--- ENTRIES PROVIDED ---
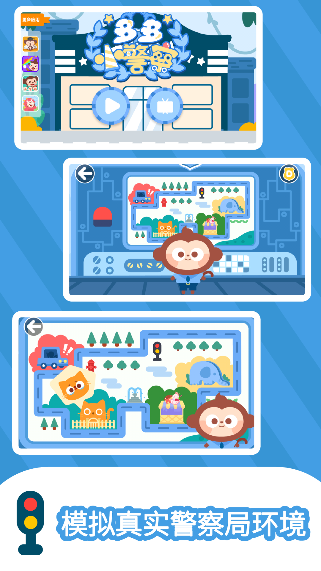 警局里有好多小动物来求助啦!小朋友,你想不想变成帅气又勇敢的小警察,根据线索解开谜团,追查案件的真相呢?想不想用自己的智慧和勇敢去帮助那些有困难的人呀?如果想的话,那就快来下载安装【多多小警察】吧!这个游戏好玩又能让小朋友增长知识,很科学呢,小朋友们,快开动自己的小脑筋,寻找线索去破案吧!它可是深受小朋友们喜爱的游戏呢。
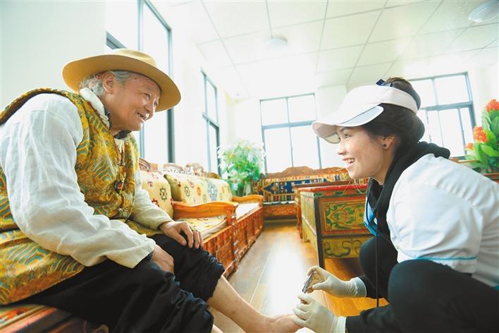 圖為拉薩市墨竹工卡縣特困人員集中供養服務中心的護理員在照料孤寡老人。洛克 記者 潘多 攝
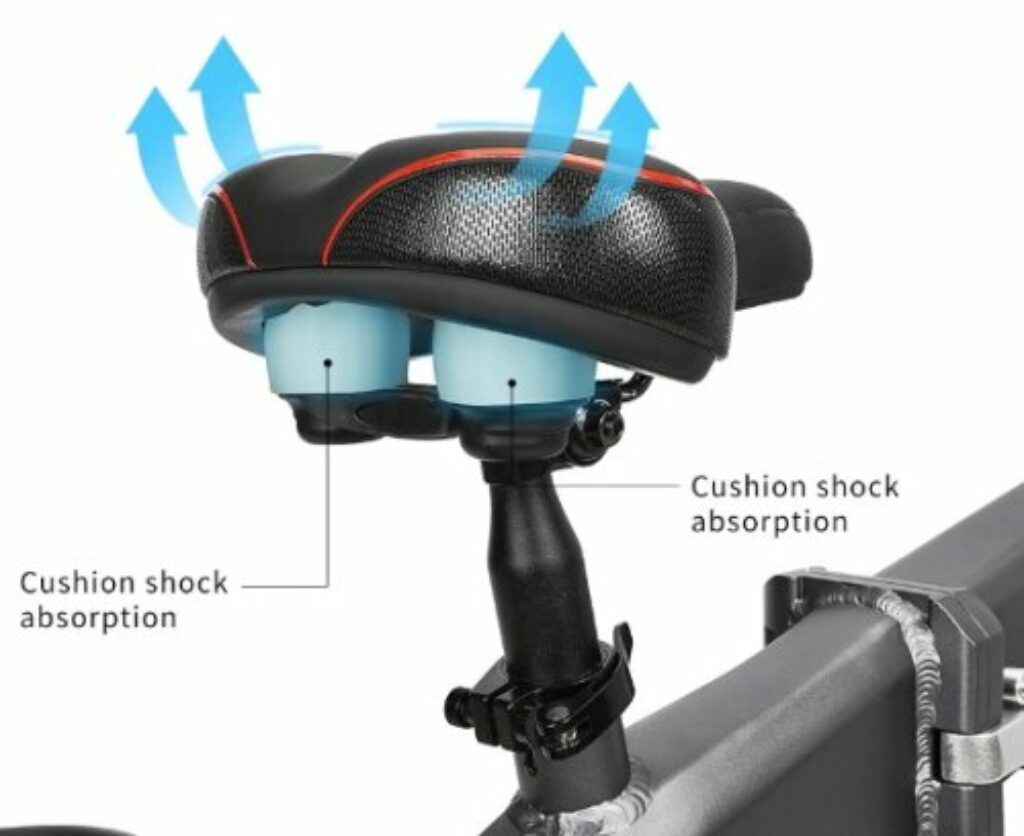 Le DrveTion BT20 possede des amortisseurs à l’avant et pour plus de confort la selle elle meme comporte un systeme d’amortissement ..
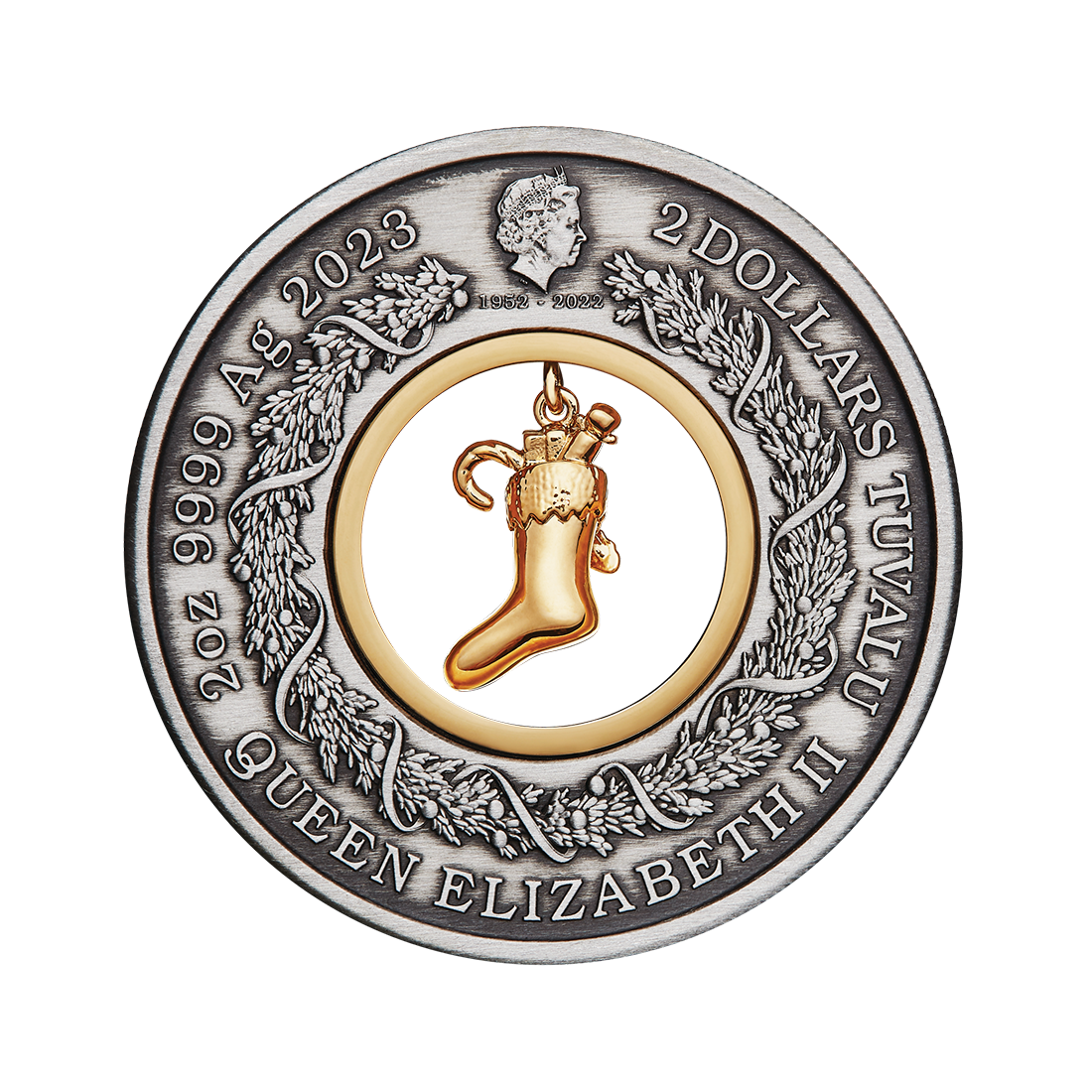 The 2023 coin is a unique numismatic item minted from 2 ounces of pure silver by The Perth Mint. It features an original ring shape with a 24-karat gold-plated Christmas stocking pendant in the center. Around it, on the surrounding ring, there is a Christmas tree, a wreath, garlands, snow globes, wrapped gifts, and other Christmas motifs. The antique finish of the design with colorful decorations adds additional charm. The coin is legal tender in Tuvalu and has a face value of $2. The total mintage is limited to 3,000 pieces, and each coin comes in an elegant Christmas case with a numbered certificate of authenticity.
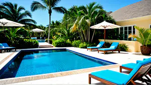 Stijlvolle tropische villa met een uitnodigend zwembad omringd door wuivende palmbomen. Het ruime terras is voorzien van comfortabele ligbedden in turquoise en elegante witte parasols. De weelderige tropische tuin creëert een exclusieve resort-sfeer, perfect voor luxe vakanties of high-end vastgoedfotografie.
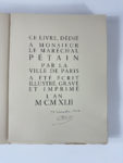 Maréchal Philippe PÉTAIN : Paris au Maréchal Paris 1942, imprimé sur les presses de l'école Estienne. Tirage limité à 200 ex., celui-ci l'un des 117 ex. sur vélin teinté d'Arches, n°84, troisième papier. Daté et signé “18 novembre 1942...
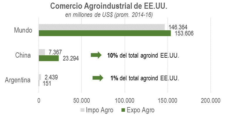 En el caso del comercio agroindustrial, se invierte el sentido de la balanza, como se puede observar en el gráfico. EE.UU. tiene un saldo agroindustrial positivo de alrededor de 15 mil millones de dólares. China recibe el 15% de sus exportaciones agrícolas, por un valor de 23.294 millones de dólares. Los principales productos exportados a China por EE.UU. que representan el 75% del total agroindustrial son: porotos de soja (56%), sorgo (7%), heces y desperdicios de cervecería o destilería (5%), cueros y pieles (4%), algodón (4%).
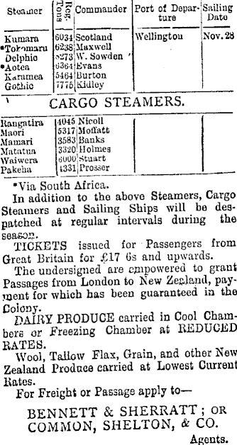 CARGO STEAMERS. 'Via South Africa. In addition to the above Steamers, Cargo Steamers and Sailing Ships will _be despatched at regular intervals during the season. , TICKETS issued for Passengers from Great Britain for .€l7 (is and upwards. The undersigned are empowered to grant Passages from London to New Zealand, payment for which has been guaranteed in the C °I>ALRY PRODUCE carried in Cool Chambers or Freezing Chamber at REDUCED KATES. „ . , v Wool, Tallow Flax, Gram, and other New Zealand Produce carried at Lowest Current Rates. For Freight or Passage apply to— BENNETT & SHERRATT; OR COMMON, SHELTON, & CO. Agents.
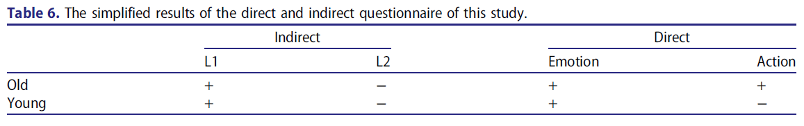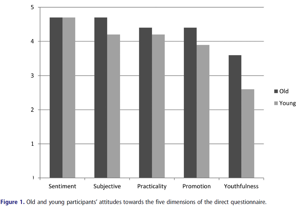 對Young group來講,怹認為Young-H的表現上好,而且是好足濟,甚至講Old-H的分數和另外兩个L的攏差不多,咱會使佇足濟項內面看著這个結果。
---
All entries above are to be set down word for word, and the pictures are to be left out.

 警局里有好多小动物来求助啦!小朋友,你想不想变成帅气又勇敢的小警察,根据线索解开谜团,追查案件的真相呢?想不想用自己的智慧和勇敢去帮助那些有困难的人呀?如果想的话,那就快来下载安装【多多小警察】吧!这个游戏好玩又能让小朋友增长知识,很科学呢,小朋友们,快开动自己的小脑筋,寻找线索去破案吧!它可是深受小朋友们喜爱的游戏呢。
 圖為拉薩市墨竹工卡縣特困人員集中供養服務中心的護理員在照料孤寡老人。洛克 記者 潘多 攝
 Le DrveTion BT20 possede des amortisseurs à l’avant et pour plus de confort la selle elle meme comporte un systeme d’amortissement ..
 The 2023 coin is a unique numismatic item minted from 2 ounces of pure silver by The Perth Mint. It features an original ring shape with a 24-karat gold-plated Christmas stocking pendant in the center. Around it, on the surrounding ring, there is a Christmas tree, a wreath, garlands, snow globes, wrapped gifts, and other Christmas motifs. The antique finish of the design with colorful decorations adds additional charm. The coin is legal tender in Tuvalu and has a face value of $2. The total mintage is limited to 3,000 pieces, and each coin comes in an elegant Christmas case with a numbered certificate of authenticity.
 Stijlvolle tropische villa met een uitnodigend zwembad omringd door wuivende palmbomen. Het ruime terras is voorzien van comfortabele ligbedden in turquoise en elegante witte parasols. De weelderige tropische tuin creëert een exclusieve resort-sfeer, perfect voor luxe vakanties of high-end vastgoedfotografie.
 Maréchal Philippe PÉTAIN : Paris au Maréchal Paris 1942, imprimé sur les presses de l'école Estienne. Tirage limité à 200 ex., celui-ci l'un des 117 ex. sur vélin teinté d'Arches, n°84, troisième papier. Daté et signé “18 novembre 1942...
 En el caso del comercio agroindustrial, se invierte el sentido de la balanza, como se puede observar en el gráfico. EE.UU. tiene un saldo agroindustrial positivo de alrededor de 15 mil millones de dólares. China recibe el 15% de sus exportaciones agrícolas, por un valor de 23.294 millones de dólares. Los principales productos exportados a China por EE.UU. que representan el 75% del total agroindustrial son: porotos de soja (56%), sorgo (7%), heces y desperdicios de cervecería o destilería (5%), cueros y pieles (4%), algodón (4%).
 CARGO STEAMERS. 'Via South Africa. In addition to the above Steamers, Cargo Steamers and Sailing Ships will _be despatched at regular intervals during the season. , TICKETS issued for Passengers from Great Britain for .€l7 (is and upwards. The undersigned are empowered to grant Passages from London to New Zealand, payment for which has been guaranteed in the C °I>ALRY PRODUCE carried in Cool Chambers or Freezing Chamber at REDUCED KATES. „ . , v Wool, Tallow Flax, Gram, and other New Zealand Produce carried at Lowest Current Rates. For Freight or Passage apply to— BENNETT & SHERRATT; OR COMMON, SHELTON, & CO. Agents.
 對Young group來講,怹認為Young-H的表現上好,而且是好足濟,甚至講Old-H的分數和另外兩个L的攏差不多,咱會使佇足濟項內面看著這个結果。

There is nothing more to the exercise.